The following operators are available to compare the output of the query to the value(s) specified in the configuration file.

lt      Less than
lte     Less than or equal to
gt      Greater than
gte     Greater than or equal to
eq      Equal to

Note that the operator applies to ALL the columns.

Example

    {
        "Name": "Compare output of one query against one value",
        "Types": ["int"],
        "Queries": [
                    {
                        "DbIndex": 1, 
                        "Query": "SELECT COUNT(1) FROM users"
                    }
                ],
        "Values": ["0"],
        "Operator": "gt"
    }

This test compares the output of the query (which is an integer) to the static value 0 and fails the test if the returned value is not greater than 0.

Multi-query tests

Multi-query tests compare the output of one SQL statement to the output of another. The queries can be executed against different databases. Multi-query tests allow support the comparison of multiple rows as as well multiple columns (matrix), however equality is the only supported logical operator in such tests.

Example

    {
        "Name": "Compare output of one query against output of another",
        "Types": ["date", "int"],
        "Queries": [
                    {
                        "DbIndex": 1,
                        "Query": "SELECT create_date, COUNT(1) FROM companies GROUP BY 1 ORDER BY 1"
                    },
                    {
                        "DbIndex": 2,
                        "Query": "SELECT create_date, COUNT(1) FROM companies GROUP BY 1 ORDER BY 1"
                    }
                ],
        "Values": []
    } 

This compares the output of the first query to the output of the second query (which runs on a different database, see DbIndex) and fails the test is the outputs are not equal. Equality is the only supported predicate in multi-query tests.
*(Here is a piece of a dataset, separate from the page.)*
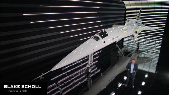 이것이 XB-1의 기체이고, 옆에 있는 것은 Boom의 창설자 겸 CEO인 Blake Scholl입니다.

Frequently Asked Questions

  • How do I specify the databases where the queries must be executed?
    {
        "Host": "myhost.somedomain.com",
        "Port": 5432,
        "DbName": "main",
        "Index": 1
    }

The username and password must be specified as environment variables DBUSER1 and DBPASS1 respectively. If the environment variables are not set, Sangati assumes that the username and password are empty.
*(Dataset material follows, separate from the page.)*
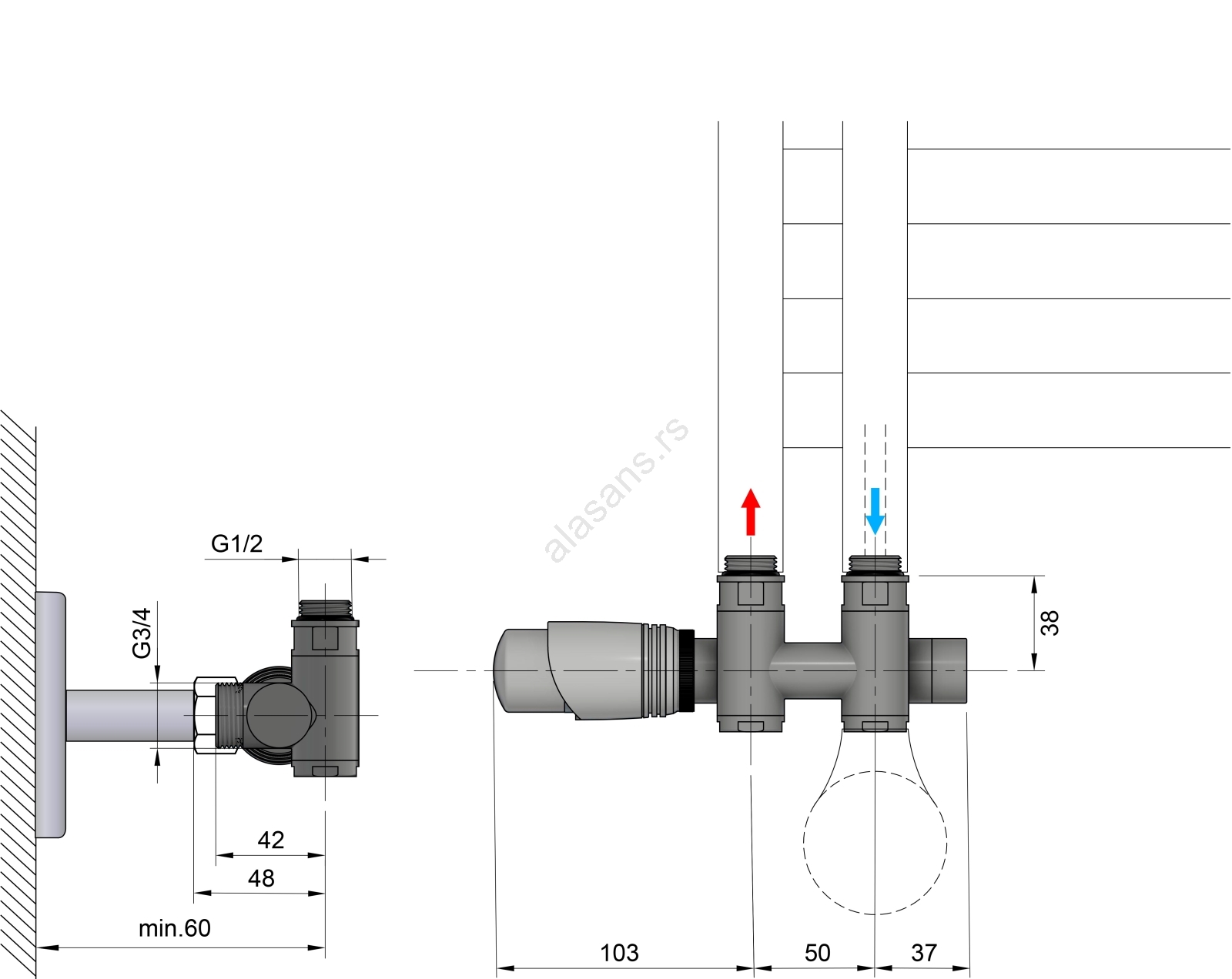 • Idealno za kupatilske radijatore i druga grejna tela sa središnjim priključkom.

When specifying multiple databases, the name of the environment variables to be set is the concatenation of DBUSER and DBPASS with the value of the Index field. For example, for a database with Index set to 2, the environment variables DBUSER2 and DBPASS2 must be specified for Sangati to successfully connect to it.

  • What types of data can be compared?

Currently, Sangati supports three data types --

string (VARCHAR)
int (INT32)
date (DATE)
timestamp (TIMESTAMP) (of the format 2006-02-01 15:04:05.000000)
  • What databases do you currently support?

    Only PostgreSQL is currently supported. Support for other databases is coming soon.